It is strange to me that the RISC-V leapfrogged past the Pi port (per https://www.haiku-os.org/guides/building/port_status the ARM, including the Pi, exists but isn't very useful yet); I wonder why it made progress so fast even with poor hardware availability.
as far as i can tell, the whole point of haikuos at this point is "fun". as pointed out e.g. at https://en.wikipedia.org/wiki/Haiku_(operating_system)#Criti..., haiku will never be a "mainstream" os. it seems plausible to me that riscv enablement is more "fun" than figuring out how to mangle crappy proprietary drivers enough to barely run.
The Haiku community was quite resistant to the idea of supporting the Pi, a resistance which was only partly technical in nature.
These days I would say it is essentially a matter of focus. Considering that the Pi 4 is a tiny little beast hardware-wise (certainly good enough to run as a light desktop, which is what I use it for), Haiku would be amazing on it, but I just don’t see it happening (if it was meant to be, it would have come about by now).
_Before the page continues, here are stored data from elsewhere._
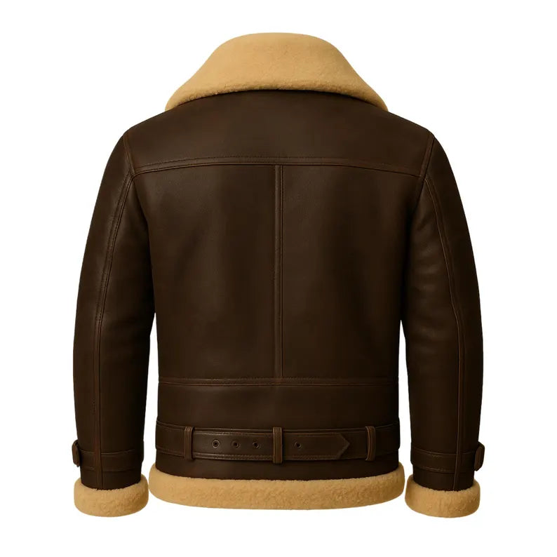 Men’s Handmade Shearling Leather Bomber Jacket – Real Leather Aviator Coat with Fur Collar & Belted Waist
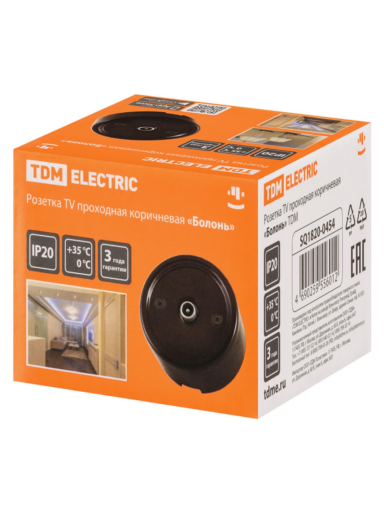 Розетка TV проходная коричневая «Болонь», код SQ1820-0454, производитель TDM
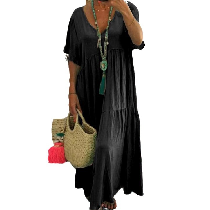Главная страница > Весенне-летнее платье 2025 года в европейском и американском стиле WISH Amazon, новое, с V-образным вырезом, асимметричное, разноцветное, разных размеров, длинное.
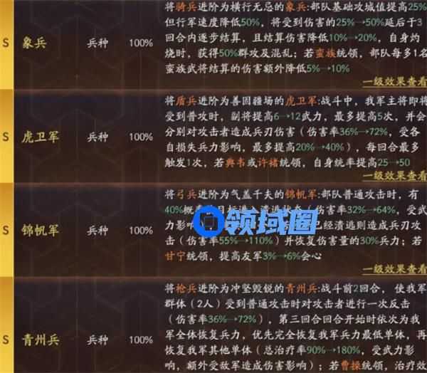 三国志战略版游戏中有骑兵、盾兵、弓兵、枪兵,每个兵种有3个特殊兵种,游戏的玩法对兵种的搭配思路非常讲究,需要玩家根据武将的特性选择适合的兵种,在有时候sss品质的兵种所带来的作用远不如s品质的兵种,就是因为和武将没有办法配合。游戏中新出的四大兵种在其中的作用可不小,每个都十分厉害,有着各种的特点,经过玩家的精心搭配可迸发出无穷的威力,治疗能力比较好的有青州兵、锦帆军,这两个种兵在作战过程中起到至关重要的作用,接下来为大家说明一下三国志战略版4大兵种介绍一览。

I think there are several reasons and my understanding is probably mostly wrong. First, the original port was using Uboot and then the focused shifted to uefi. Around the same time efforts shifted from a port to raspberry pi to use fdt and support for arbitrary boards. This should give a more flexible solution with the downside being less focused development.
The risc-v port probably benefited from the work stated above and stayed focused on a particular board.
It looks like it has almost leap=frogged past the PC port as well.
(A cheap shot but it does not yet boot on my PC and I wish it did.)
I have bought dedicated hardware to run interesting systems before; but feel like I am over that; low volume systems are expensive and stock PCs are cheaper and faster.
I can see the attraction of RISC-V though, hope it takes off.
Perhaps. But this means Broadcom propagates itself the adorably right way, beneficial to everybody. Also note "all the additional bite people end up buying" is mostly made by other parties, often small indy businesses. E.g. I have bought a 3D-printed chassis suiting my needs from a local vendor (and they also offer the source model and customization on demand).